Sports news is rarely included here on Skepchick, however as the unofficial SportsSkepchick it is my duty to fill you in when it is important. As the Masters (the word's most famous PGA golf tournament) approaches, the issue of feminism always arises. The Masters is held at a staunchly conservative golf club in Augusta, GA where American Southern stereotypes are as effervescent as gravy on biscuits. This golf club is exclusive for many reasons, but by far the most notable reason is they have never had a female member since their inception in 1933. Very few titles in the world historically guarantee a membership invitation, but a woman recently obtained one. What is Augusta National going to do?
I should note it is extremely difficult to get a membership to Augusta National for anyone. Their membership list includes the elite of the elite, particularly big wig CEOs and founders of America's biggest corporations including Bill Gates and Warren Buffet. Traditionally, the CEO of IBM has been extended a membership invitation to Augusta, including four former IBM CEOs. In January 2012, Ginni Rometty became CEO of the company and she is still waiting on her invitation to the famous all male golf club.
First, can we take a moment to applaud Rometty for becoming CEO of one the world's most influential technology companies? Here at Skepchick, we spend considerable time discussing the difficulties women have exceling in science and technology– here we have a woman kicking some major ass!
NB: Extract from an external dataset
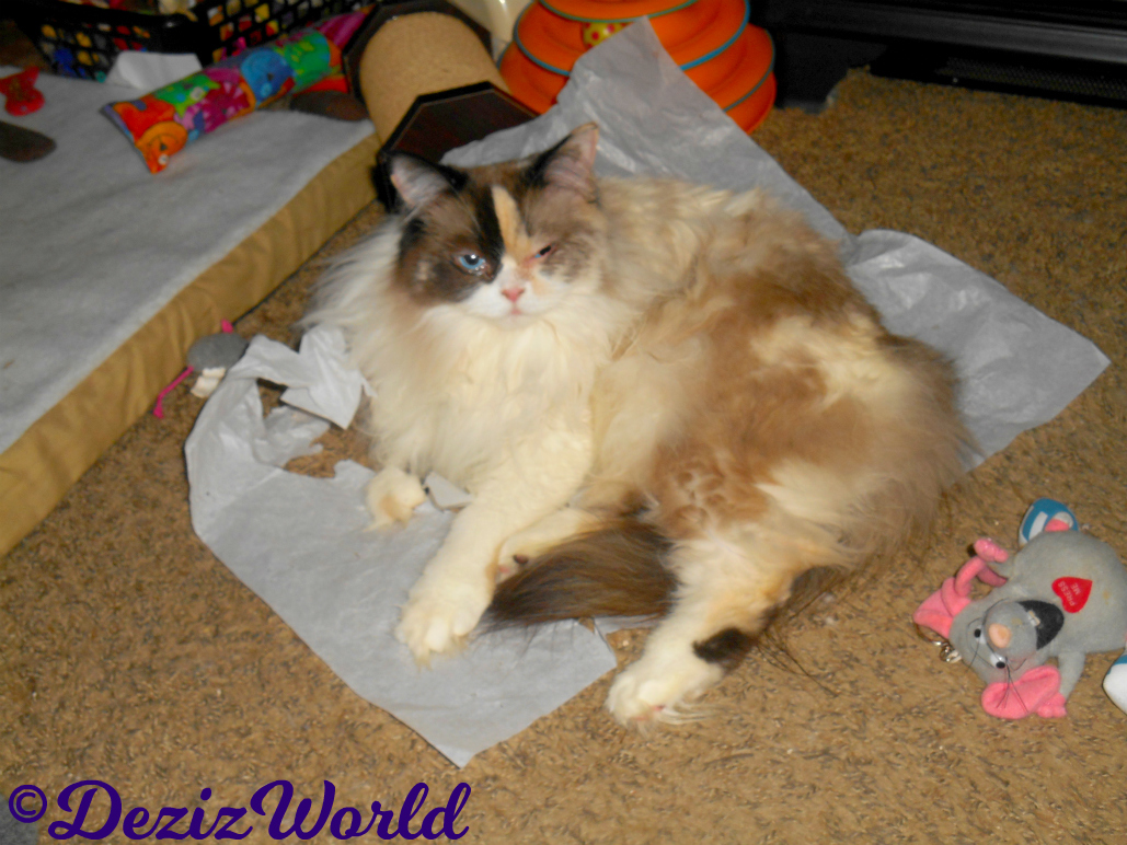 Oh sissy me luvs this time of year. All da blinky lights are so purretty. And da smell of mulled cider and sugar cookies from mommy’s candles and oils are so yummy. (don’t leave your pets unattended with flames from candles or oil burners) Me just hopes she furgets ‘bout da santa suit she got fur us last year, don’t you? And hey, did you notice we have a new header and background fur our bloggy?

I doubt she is losing any sleep over the golf issue, but it is an interesting conundrum for the club that prides themselves on one thing: tradition.
Either way Augusta National is going to have to break tradition- allowing in a women or not allowing the IBM CEO membership. Is Augusta National finally going to bite the bullet and let a woman in their boys club? The Masters, their most premiere event, has three main sponsors and IBM is one of them. So they certainly have incentive.
I will be shocked if they give her a green jacket, the mandatory attire of all members. There has always been overwhelming reluctance to resolve the issue despite pressure from media and women's organizations. The last chairman of Augusta National, Hooty Johnson, received significant pressure in 2002 from Martha Burke, the then chairwoman of the National Coucil of Women's Organizations. He stood firm in his beliefs with his notable quote in 2003 that his position on female membership wouldn't change 'if I drop dead now.' In 2006, Billy Payne became the chairman of Augusta National. He has been trying to reform the club's archaic image, however hasn't resolved this primary issue.
Only time will tell if the world at Augusta is really a changin'.